If $G\simeq K$ and $H\simeq M$ then is it true that $G/ H \simeq K / M$?

Question

Let $G$ and $K$ be groups. Let $H$ be a normal subgroup of $G$ and $M$ be a normal subgroup of $K$ such that $H\simeq M$.

Question: is $ G/H \simeq K / M$?

I am fairly certain that this is tru of the groups are finite. For example, if the groups are cyclic, then the quotients are cyclic and by orders of the groups, then quotients would have to be isomorphic.

But what happens when the groups are not finite?

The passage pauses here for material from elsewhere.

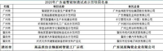 日前,廣東省工業(yè)和信息化廳發(fā)布:2020年廣東省智能制造試點(diǎn)示范項(xiàng)目名單,其中 廣東冠星陶瓷企業(yè)有限公司高品質(zhì)仿古釉面磚智能工廠示范項(xiàng)目入選!
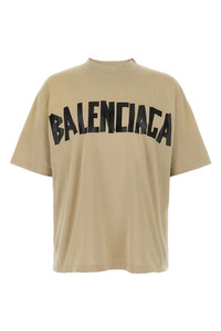 cod. 764235TSVK19501 Dry jersey cotton T-shirt with used effect, 'Tape Type' pattern on the front and back, crew neck, short sleeves with dropped shoulders. Color: Beige Size & Fit: medium fit Composition: 100% cotton Made in: Portugal

From Does $\displaystyle \frac{G}{H}$ $\simeq$ $\displaystyle \frac{G}{K}$ $\Rightarrow$ $H$ $\simeq$ $K$? I see that the other direction is not true.

Answer 1

It does not hold for finite groups either. Let $G=K=\Bbb{Z}_4\oplus\Bbb{Z}_2$, and let $H=\langle (0,1)\rangle$ and $M=\langle(2,0)\rangle$ be the given cyclic subgroups, both of order two. Then $$ G/H\simeq\Bbb{Z}_4\qquad\text{and}\qquad K/M\simeq\Bbb{Z}_2\oplus\Bbb{Z}_2. $$ You need to have an isomorphism $f:G\to K$ such that $f(H)=M$ to be sure about the conclusion.

Answer 2

$$\frac{\mathbb Z}{2\mathbb Z}\not\cong \frac{\mathbb Z }{3\mathbb Z},$$

while $\mathbb Z\cong 2\mathbb Z \cong 3\mathbb Z$